Ademar de Oliveira (PT), Antônio Pera (PMDB), Antônio Pedro da Silva (PSD), Marly Dulcineia Santana (PSDB), Lucimir Alcides Uller de Bittencourt (PSDB) e Maurino da Cunha (PSDB) votaram favoráveis ao projeto e sacramentaram a aprovação. Para eles, diante do cenário financeiro nacional, a elevação do imposto municipal é a principal forma de incrementar a receita da Prefeitura para que ações na Saúde, Educação e futuros investimentos em infraestrutura sejam mantidos e desenvolvidos. "Melhorar a arrecadação nada mais é do que para investir na Saúde, em Obras e Educação, e esse é o meu entendimento", alegou Maurino.

Os percentuais que irão incidir sobre os novos valores venais - que a Prefeitura categorizou que ficaram em média 50% dos praticados pelo setor imobiliário - tiveram duas emendas para um percentual inicial menor e elevação dos prazos de progressão aprovadas. 

Com uma das emendas aprovadas, essa apresentada por Maurino da Cunha (PSDB), a alíquota para imóveis edificados inicia em 0,5% em 2018 e tem progressão até 2023: 0,6% (2019), 0,7% (2020), 0,8% (2021), 0,9% (2022) e 1% (2023).
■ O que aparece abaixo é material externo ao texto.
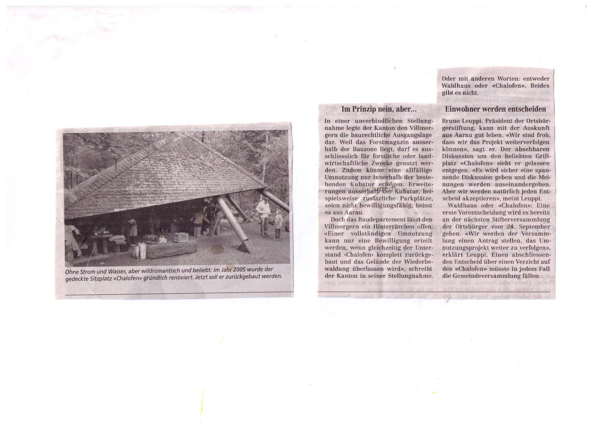 Da wird eine heikle Diskussion auf Villmergen zukommen: Der Kanton will die Umnutzung des ehemaligen Forstmagazins nur bewilligen, wenn im Gegenzug der beliebte Grillplastz „Chalofen“ verschwindet.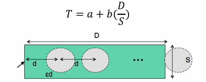 어떤 공간을 통과할 때 걸리는 시간(T)은 그 공간의 길이(D)와 너비(S)에 영향받는다.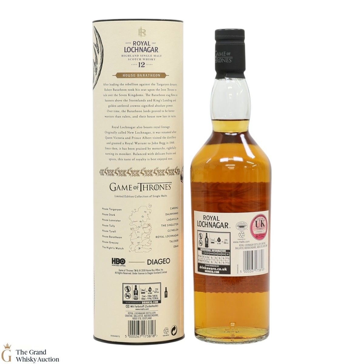 This is a limited-edition 12 year old single malt from Royal Lochnagar and it is part of Diagio's 2018 collaboration with HBO. Each single malt in the series relates to the land of houses of the Game of Thrones television series. The Royal Lochnagar bottle is decorated with a rampant black Stag, the sigil of House Baratheon that once flew on banners above the Stormlands and King’s Landing signifying absolute power.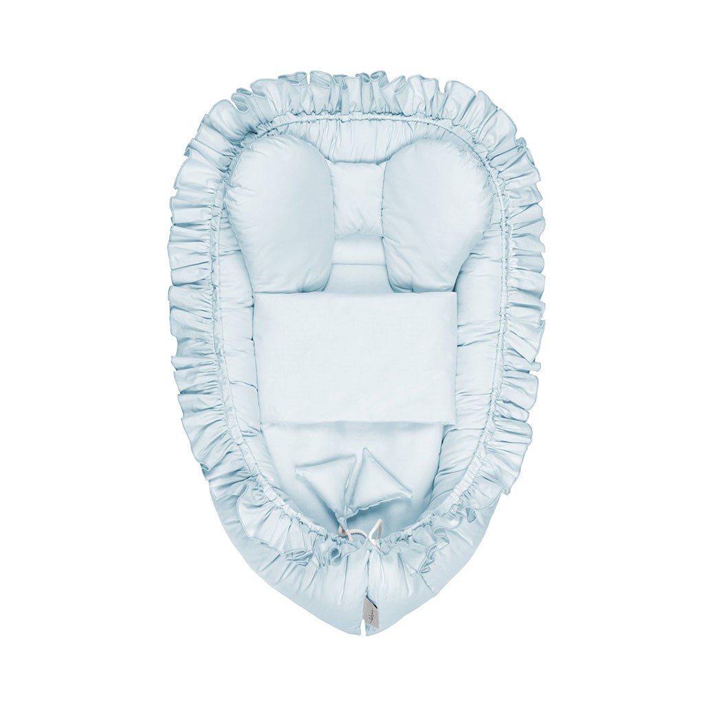 Hnízdo s peřinkou pro miminka Belisima PURE. Navozuje miminkům pocit bezpečí, kopíruje tvar mámina těla a děťátko se tak cítí spokojeně jako u maminky v bříšku. Součástí hnízda je i stabilizační polštářek a peřinka. Miminku se daleko lépe usíná a je klidnější. Hnízdečko je příjemné na dotek a krásně měkkoučké. Složení: 100% bavlna, výplň: 100% polyester. Rozměry: cca 55x75 cm, vnitřní rozměry: cca 35x59 cm. Peřinka: rozměry: 70x50 cm.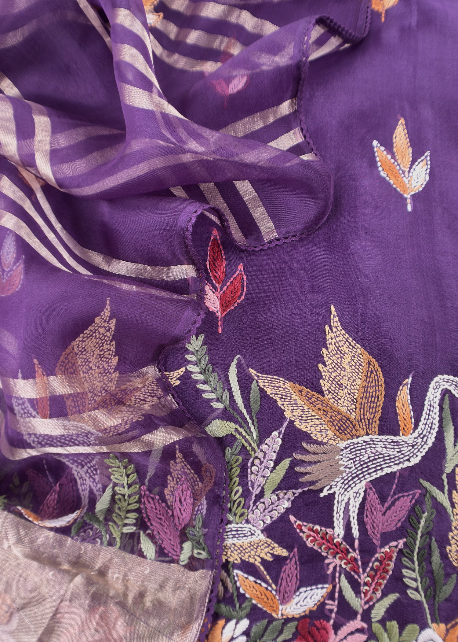 Purple Handloom Organza Silk Suit Fabric With Flamingos Kantha Handwork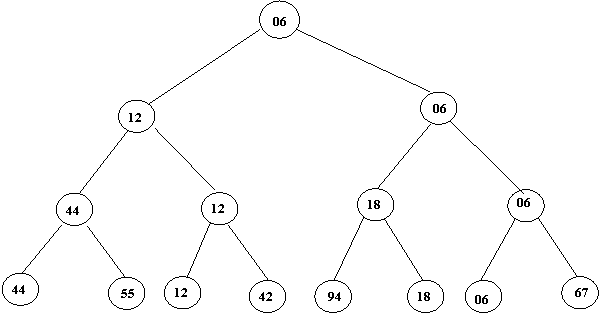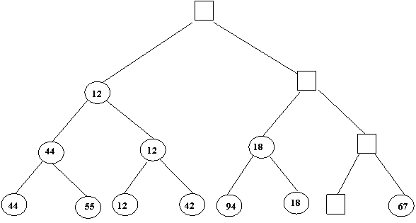 Cu numai n-1 comparatii se poate construi un arbore in care radacina este cel mai mic dintre toate elementele sirului (asa cum rezulta din Figura 13).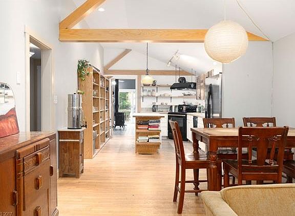Come inside and you will be wowed by this updated and stylish mid-century cottage with a separate apartment. Features include an open plan with amazing sunlight, original hardwood floors, vaulted ceilings with exposed beams, modern fixtures and an incredible master suite with a private deck and wood stove. Renovated industrial style kitchen with open shelving and a butcher block island. Full apartment (4th bed and 3rd bath in apt). Fantastic yard perfect for gardening. See brochure for details.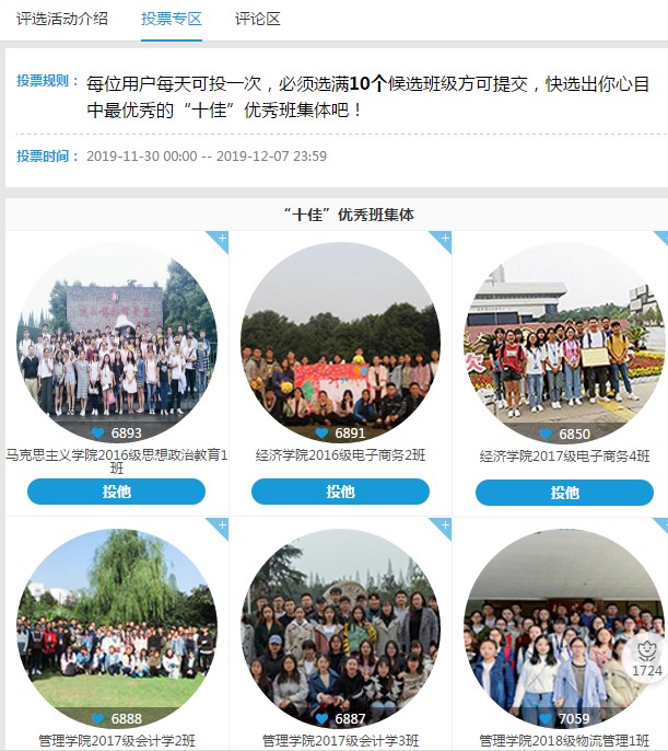 据悉,为更好地宣传“十佳优秀班集体”先进事迹,扩大其影响力,11月30日-12月7日,学校利用易班平台开展了网络投票,并进行了网络班级风采展示,参与投票人数达4700余人次,投票数达22万左右;同时,学校组织了“班级风采展示周”主题活动,充分展示了申报班集体在学风建设、班级活动、班级荣誉等各方面的成绩,在全校师生了引起了良好反响。

O presidente João Bento de Moraes (PSDB) também apresentou emenda, que reduziu a alíquota inicial dos imóveis não edificados em logradouros não pavimentados e também ampliou o período de progressão dos percentuais em imóveis não edificados em ruas já calçadas.
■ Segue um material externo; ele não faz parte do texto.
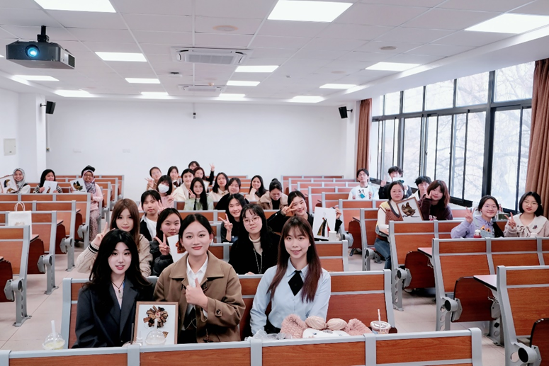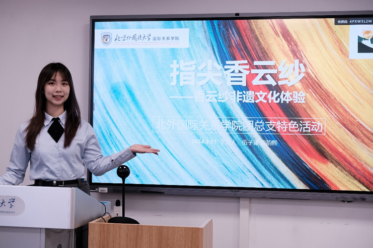3月17日下午,公司成功举办了一场别开生面美育特色活动——“指尖莨纱”香云纱文化体验。此次活动由公司团总支精心策划组织,特邀北外杰出大创团队“苗喵绣”的成员伍子谦和田韵熙,共同为同学们带来一场关于国家级非物质文化遗产香云纱的深度文化宣传。活动不仅收获了国关学子的一致好评,更让在场的每一位同学领略到了中华传统文化的博大精深。
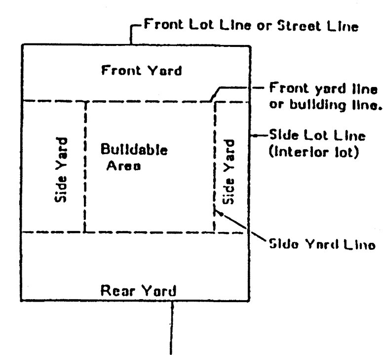 Yard measurement. In measuring a yard, the building line shall be deemed to mean a line parallel to the nearest lot line drawn through the point of a building or the point of a group of buildings nearest to such lot line, and the measurement shall be taken at right angles from the building line to the nearest lot line.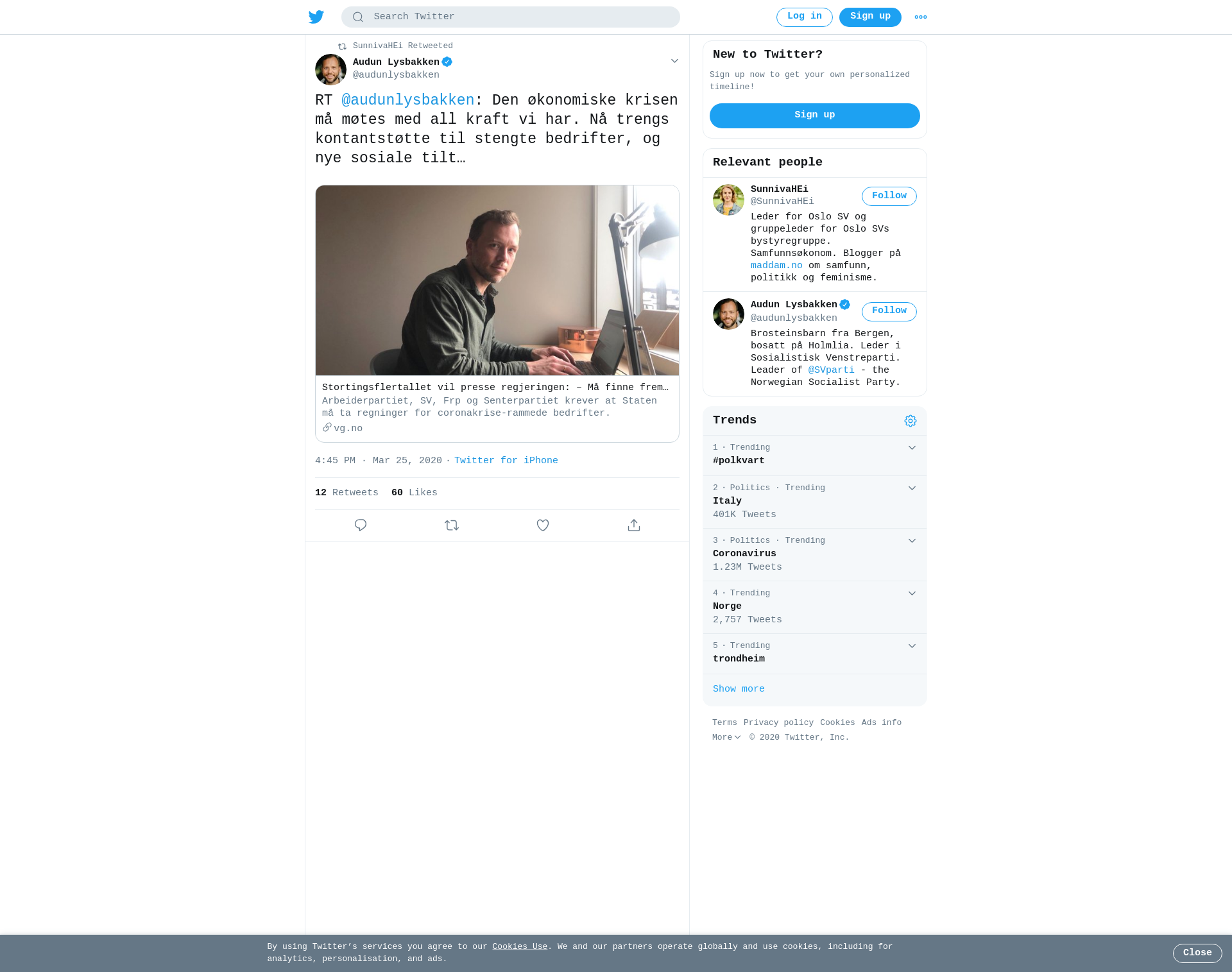 RT @audunlysbakken: Den økonomiske krisen må møtes med all kraft vi har. Nå trengs kontantstøtte til stengte bedrifter, og nye sosiale tiltak for folk uten inntekt. https://t.co/I0kVAX7yUJ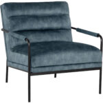 The perfect statement lounge chair chair that will add a mid-century modern vibe to any space. Stocked in nono cream fabric on the interior and an accenting nono dark green fabric on the exterior. Includes acacia wood armrests and completed with a black metal frame. Also available in nono petrol fabric.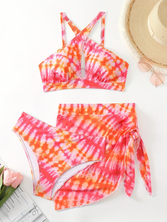 Trendiger Damen-Bikini mit Wickelrock und angesagtem Muster
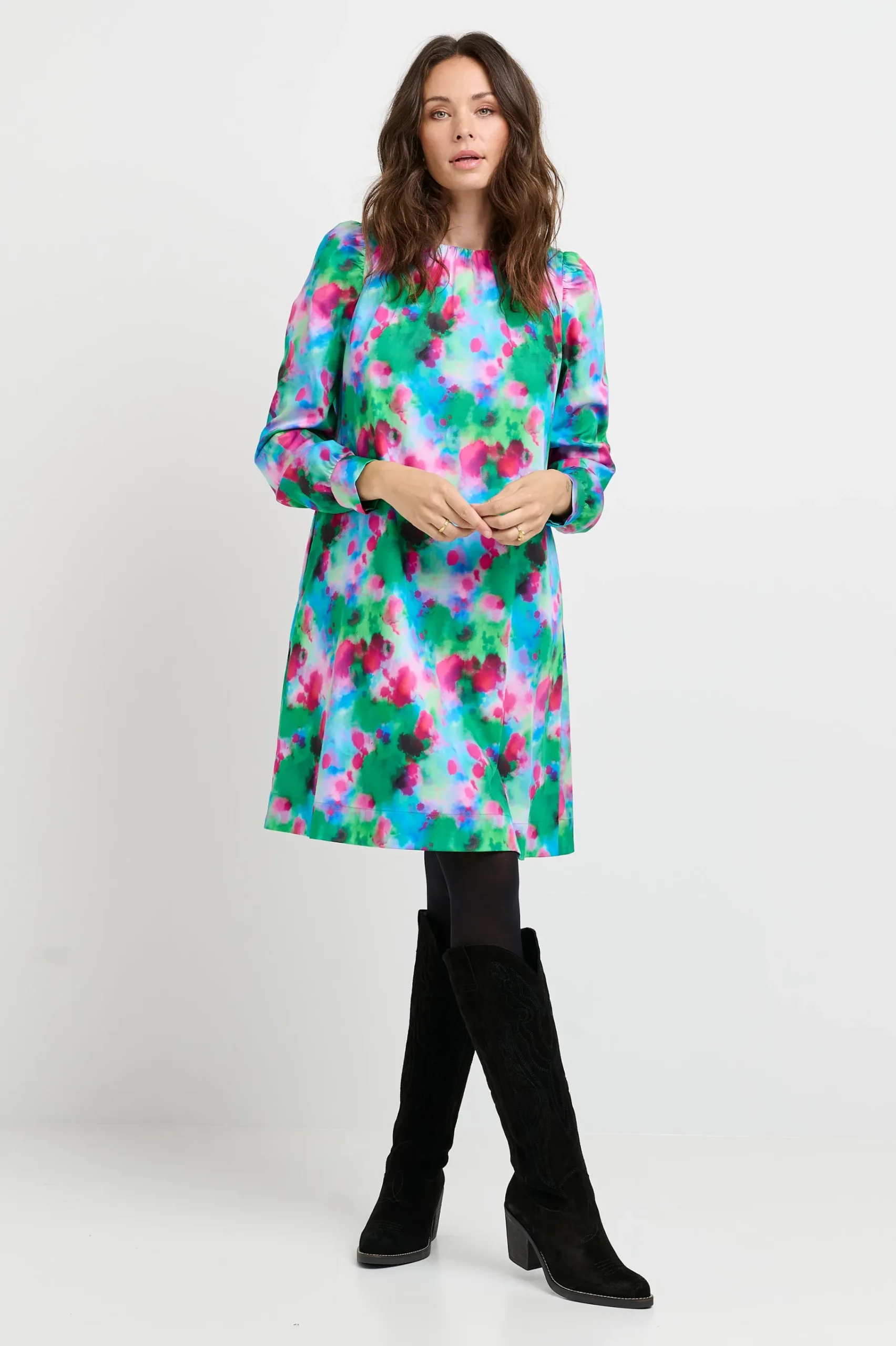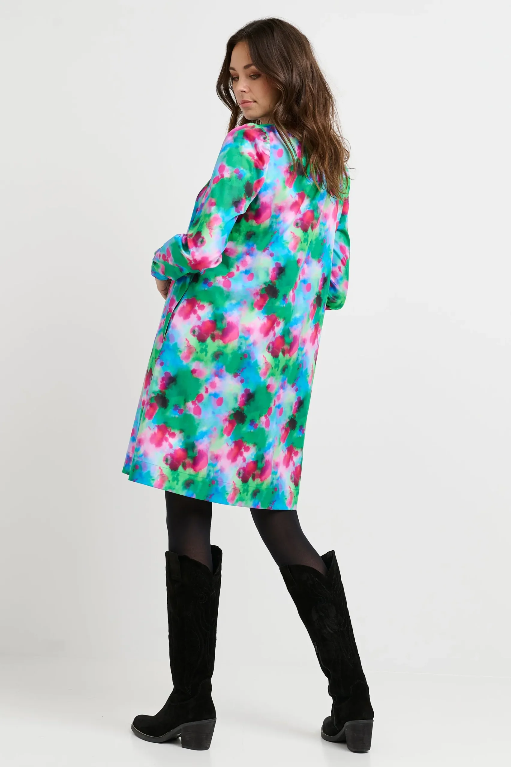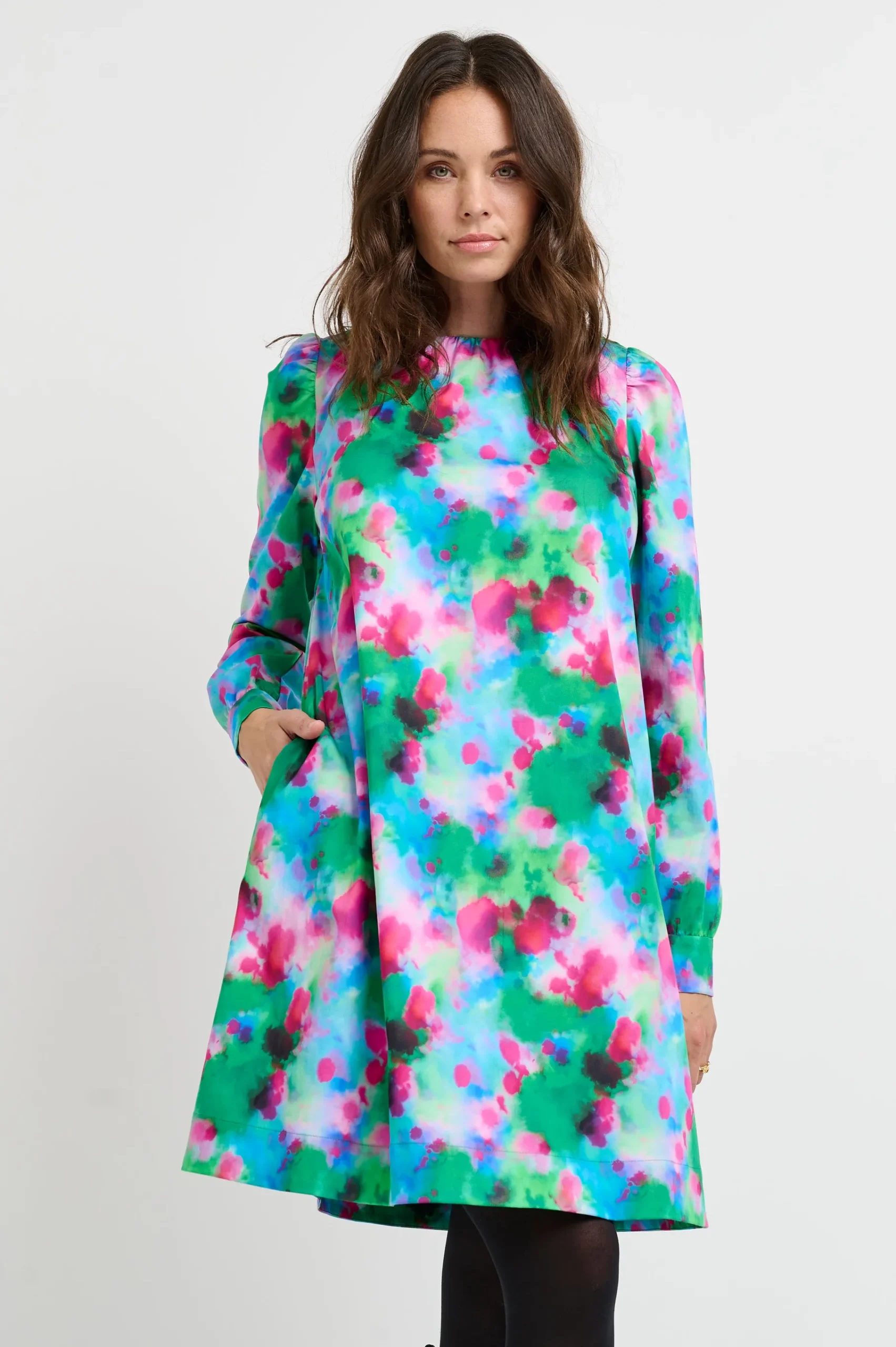 Kjolen har et farverigt print, med en vandfarve effekt hvor farverne blender roligt sammen. Farverne har de fineste pink, grønne og blå nuancer, der skaber et luksuriøst farvespil. Farverne fremstår skarpe på det fine materiale.

Dessa forma, imóveis não edificados em logradouros não pavimentados têm a alíquota de cobrança inicial em 1%, passando para 1,3% em 2019 e 1,5% em 2020. Os imóveis não edificados em ruas pavimentadas partem do 1,1%, seguindo para 1,4% (2019), 1,7% (2020) e 2% (2021). 
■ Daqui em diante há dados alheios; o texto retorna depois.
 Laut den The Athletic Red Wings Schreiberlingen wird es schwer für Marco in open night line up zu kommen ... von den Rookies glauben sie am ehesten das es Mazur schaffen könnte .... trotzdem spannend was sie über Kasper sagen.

O Governo Municipal, contudo, pontua que não é possível definir qual será o percentual final de aumento no IPTU, já que os valores imobiliários possuem muita oscilação por bairros e também por alguns já estarem com a situação venal atualizada. Contudo, já há a confirmação de que em alguns casos os aumentos poderão chegar a casa dos 500%. Os valores da metragem quadrada da cidade, oscilando por região, também foram elevados. 

A atualização da planta de valores também incide sobre Imposto sobre Transmissão de Bens Imóveis (ITBI) - imposto pago sobre as transações imobiliárias. A Prefeitura afirmou que não haverá reflexos, pois já vinha praticando os valores venais atualizados.
ATUALIZAÇÃO
O trabalho de atualização dos valores venais de Balneário Piçarras foi coordenado pela empresa Geomais Geotecnologia. "As avaliações foram realizadas, tecnicamente, por engenheiros e corretores de imóveis, através de empresa especializada, devidamente contrata por esta Administração Pública para o feito", afirmou o gestor municipal na mensagem explicativa anexa ao projeto encaminhado à Câmara.

O prefeito Leonel afirmou ainda que "ou melhoramos a arrecadação ou ano que vem teremos que enfrentar o contribuinte na nossa porta reclamando que não tem médico, remédio, professores e obras na cidade" e que "faz onze anos que não é reajustada a planta de valores da cidade". 

Emendas para redução de alíquotas são rejeitadas
O vereador Gercino Medeiros apresentou proposta limitando os imóveis em apenas três alíquotas e sem progressão: 0,45% para imóvel edificado, 0,9% para imóvel não edificado em rua não pavimentada e 1% para imóvel não edificado em rua pavimentada. 

"Eu fiz uma emenda modificativa que passava para 0,45% (rejeitada) e que ia dar em média 28% no total geral (aumento). Talvez o prefeito fosse arrecadar mais do que do jeito que essa lei vai ser aprovada", comentou Gercino, prevendo o aumento da inadimplência. A ideia foi negada pela maioria.

Já Paulo Coral propôs a redução e menor progressão aos imóveis edificados: 0,5% (2018), 0,6% (2019) e 0,7% (2020). "Não precisa deixar em 1%. Não precisa [...] Não vejo motivos para que cheguemos a 1%, mesmo porque a 0,7%, que é a minha emenda, o valor do IPTU vai dobrar. Eu, realmente, não gostaria de onerar o contribuinte, o cidadão, porque ninguém quer pagar mais imposto - nem eu", defendeu.

Para 2017, a Prefeitura de Balneário Piçarras previu arrecadar R$ 8.350.000,00 somente com o IPTU, dos quais, até o momento, R$ 8.094.263,71 foram pagos.